Life is tough, but they are considered among the lucky ones, receiving government support via an NGO that allows them to stay in the familiar surroundings of their public rental flat.
Such schemes citywide offer 27,193 places, but more than 4,700 elderly people are on the waiting list - while many more may be unaware of the possibility of receiving such support. And despite the city's ageing population and the government's stated aim of helping people grow old in their homes, years of lobbying from NGOs has not resulted in any extra resources.
"We're very lucky to have help like them," says Lun, as the worker from the Christian Family Service Centre helps her transfer food into bowls and cover it before leaving for the next delivery.
Lun says caring for her husband, who has several other conditions as well as Alzheimer's, is tough even with such support.

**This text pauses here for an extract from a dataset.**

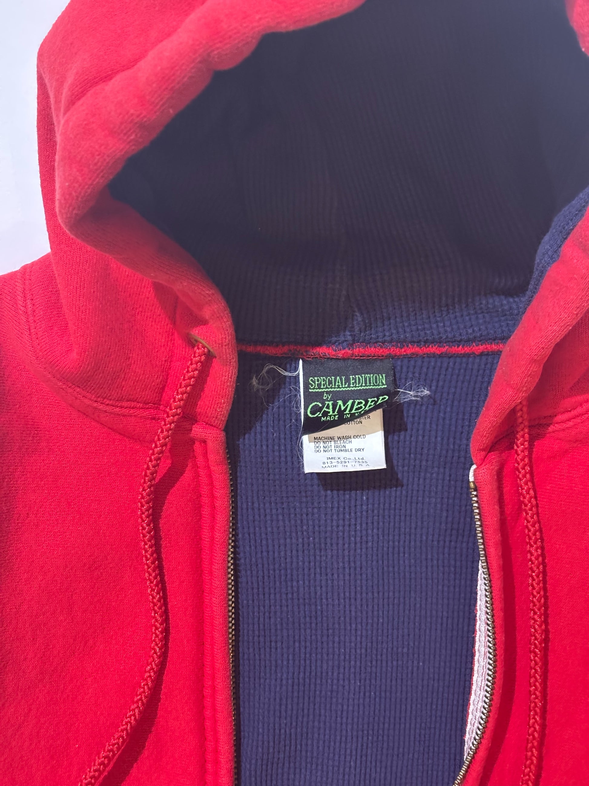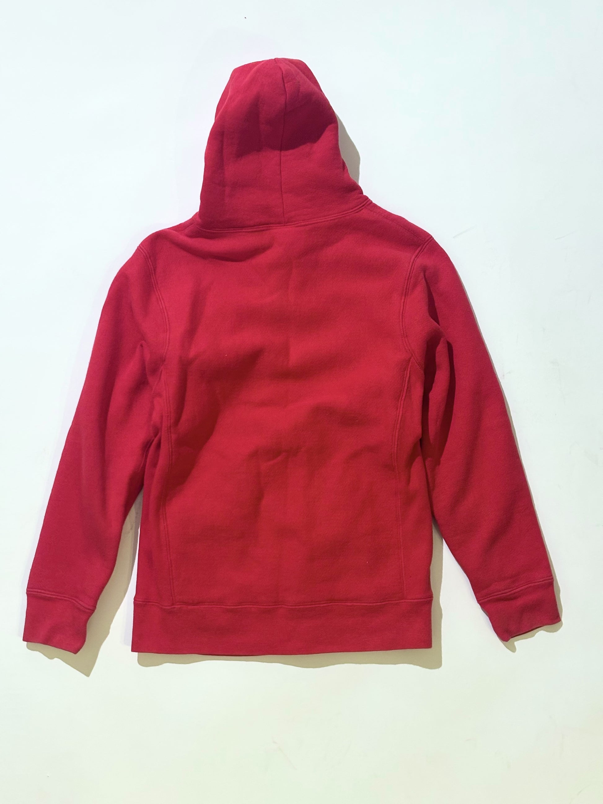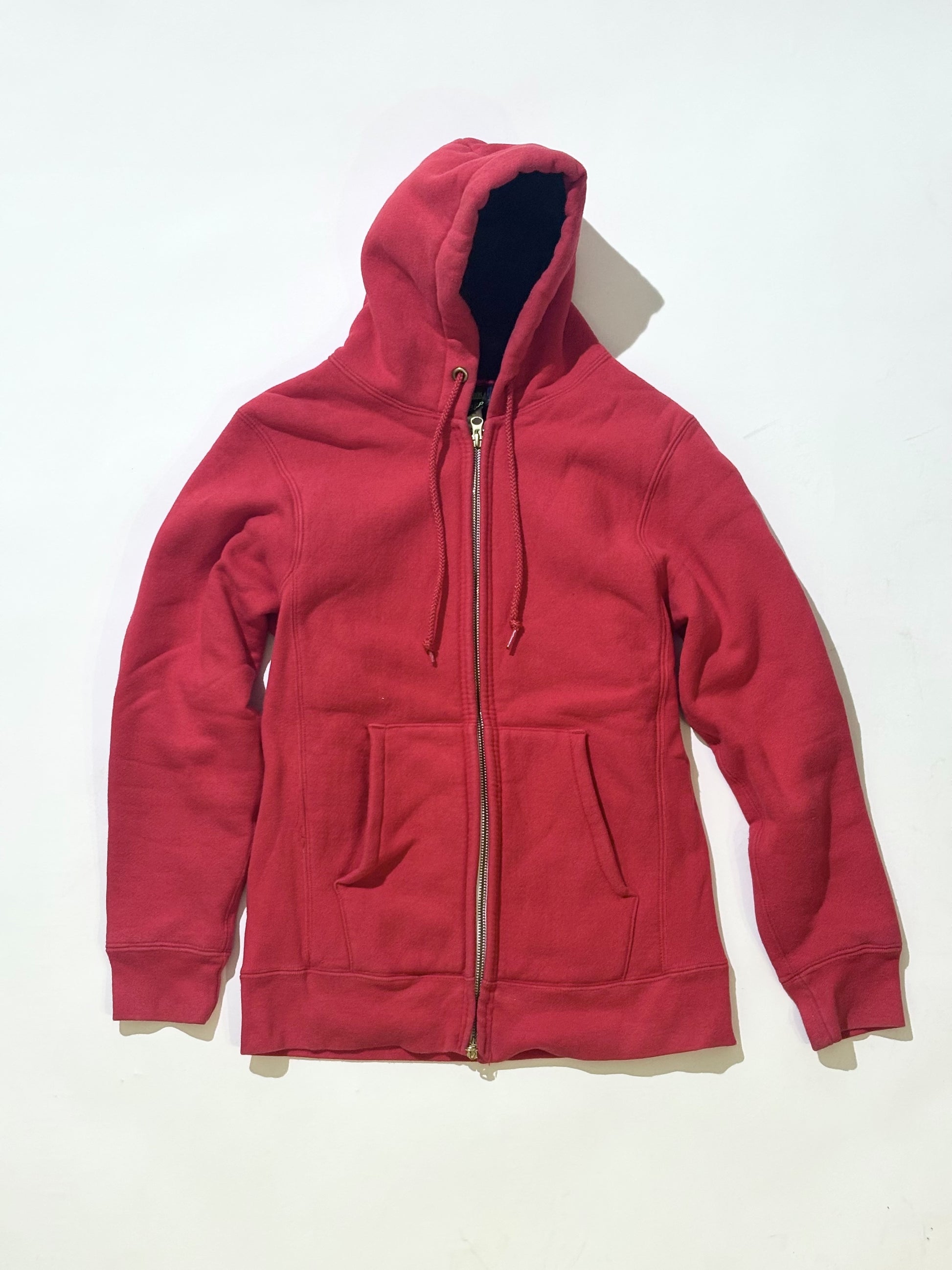 赤に裏地は紺のジップフーディーは日本企画のシルエットなので少し細めになります。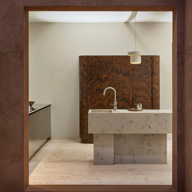 At Habitare’s Naapurit stand, Tulikivi presents a collection where natural stone is present in every space: in sauna heaters, spa details, kitchen surfaces, and in the fireplace and bedroom elements. The palette of materials ranges from deep Rosso Lepanto to timeless Bianco Carrara and striking Cipollino Renoir, as well as Arabescato Corchia. Each material tells its story through a unique visual language.

"It's still hard ... the whole day revolves around him. I don't really have time even to sleep."
Each day, Lun dresses and feeds her husband, helps him into his wheelchair and takes him outside for fresh air. At night, she stays awake to bring him water and change his diapers. In the past year his speech has deteriorated and Lun often relies on instinct to work out what he needs.
Tong Choi-ying, head of integrated services for elderly people at the service centre, says the government has been increasing - albeit slowly - resources to help extremely frail seniors stay home. But the huge need among those who are less frail has not been addressed.

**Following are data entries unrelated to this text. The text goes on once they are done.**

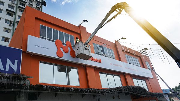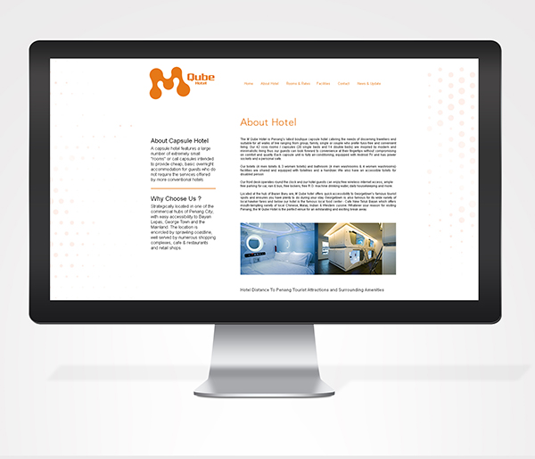 Corporate identity design for M Qube Hotel, A budget capsule hotel in Penang, Malaysia.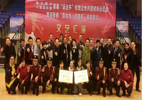 2015年12月27日,由西北師范大學(xué)附中和十里店街道籌備組織,由遠(yuǎn)達(dá)集團(tuán)獨(dú)立贊助的“首屆‘遠(yuǎn)達(dá)杯’校地、企地運(yùn)動(dòng)會(huì)”在位于安寧區(qū)的西北師范大學(xué)附中體育館舉辦。來自安寧區(qū)十里店街道轄區(qū)的10余個(gè)單位和甘肅遠(yuǎn)達(dá)集團(tuán)近500余人參加了當(dāng)天的開(閉)幕式和各項(xiàng)比賽。遠(yuǎn)達(dá)集團(tuán)劉羽桐董事長,副總裁宋佩新、副總裁張磊、財(cái)務(wù)總監(jiān)楊朝暉、房地產(chǎn)總經(jīng)理燕曉剛等領(lǐng)導(dǎo)蒞臨運(yùn)動(dòng)會(huì)現(xiàn)場并參加比賽、為運(yùn)動(dòng)員加油鼓勁,黨支部書記王生春代表集團(tuán)公司在開幕式上致辭,劉董事長,宋總、張總、楊總監(jiān)在閉幕式為獲獎(jiǎng)單位、運(yùn)動(dòng)員頒獎(jiǎng)。經(jīng)過激烈的比賽(籃球、拔河、羽毛球等項(xiàng)目在27日前已決出名次),遠(yuǎn)達(dá)集團(tuán)分別獲得“籃球男子組冠軍”、集體“優(yōu)秀組織獎(jiǎng)”、個(gè)人“優(yōu)秀組織獎(jiǎng)”、齊心協(xié)力賽“三等獎(jiǎng)”的成績。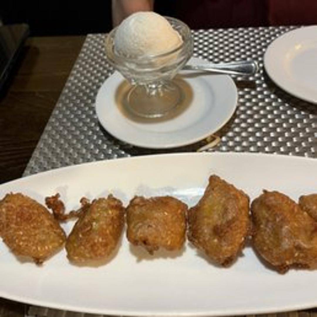 Sliced bananas battered and deep-fried until golden brown and crispy. Served with a drizzle of honey and a sprinkle of sesame seeds. Often served with a scoop of vanilla ice cream.

"We've stretched our resources to the maximum here," Tong says. "If we provide the simple support to elderly people who can live in the community with just a little help, it will keep them from entering care homes prematurely."

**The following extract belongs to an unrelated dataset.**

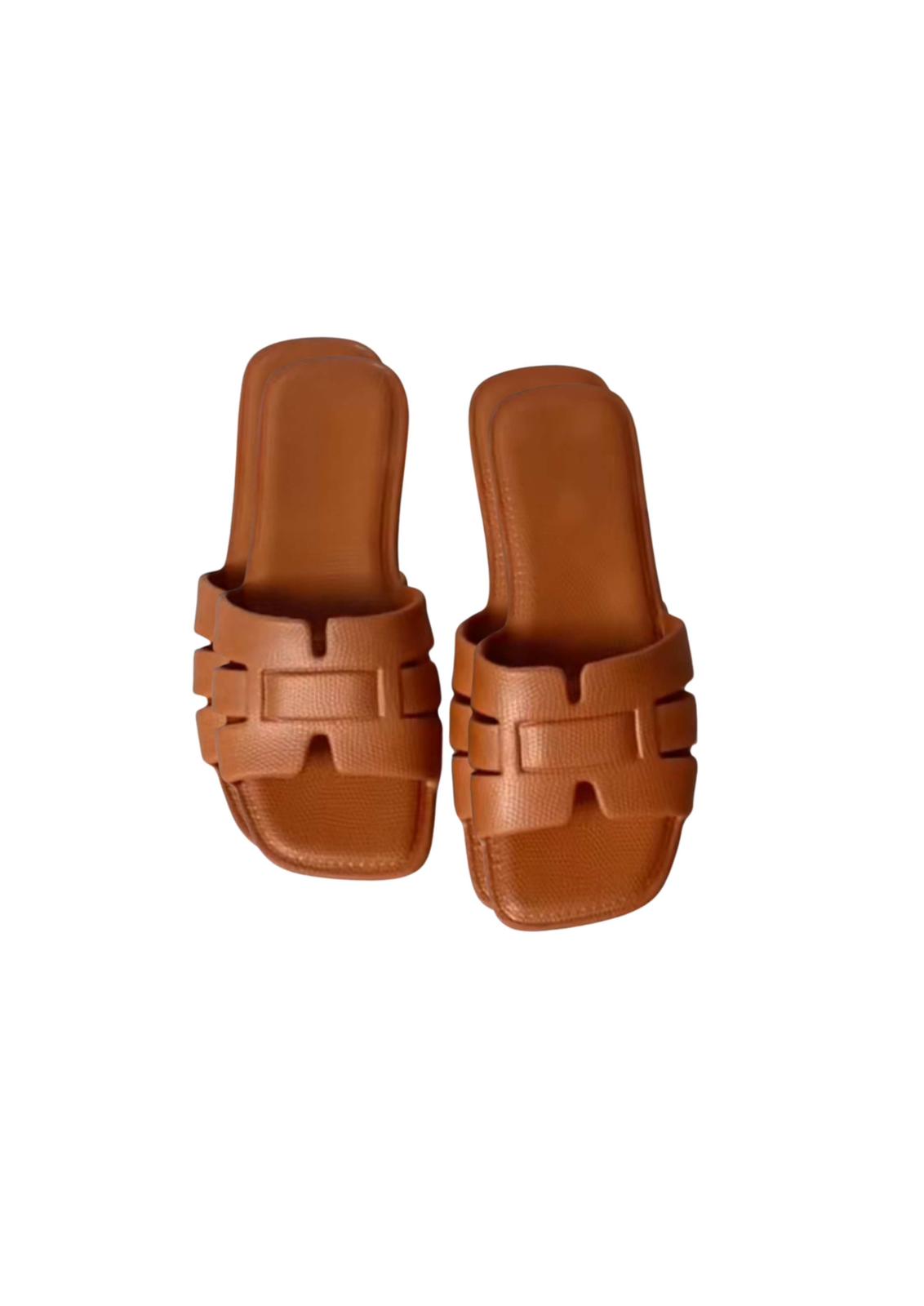 انطلقي بخطوات مريحة وأنيقة مع صندل مسطح من الجلد الطبيعي باللون البني الدافئ، بتصميم هندسي عصري يتماشى مع أجواء الصيف وحيوية الإطلالة.

This will be a particular help to people like Lun - sole carers to relatives frailer than themselves.
Two tragic cases this summer have involved sole carers and relatives reliant on their help. Last month an 84-year-old man who was confined to a wheelchair and could not feed himself died days after his 61-year-old son-in-law passed away in the flat. In the second incident, a 60-year-old man tried to set his paralysed wife on fire to "end her suffering".
"There are many whom we don't know of, who need support," Tong says.
A Social Welfare Department spokeswoman said the government had added 1,666 Enhanced Home and Community Care Services places - for the very frail. But there has been no increase in places in the Integrated Home Care Services - which benefits people like Lun and Lee.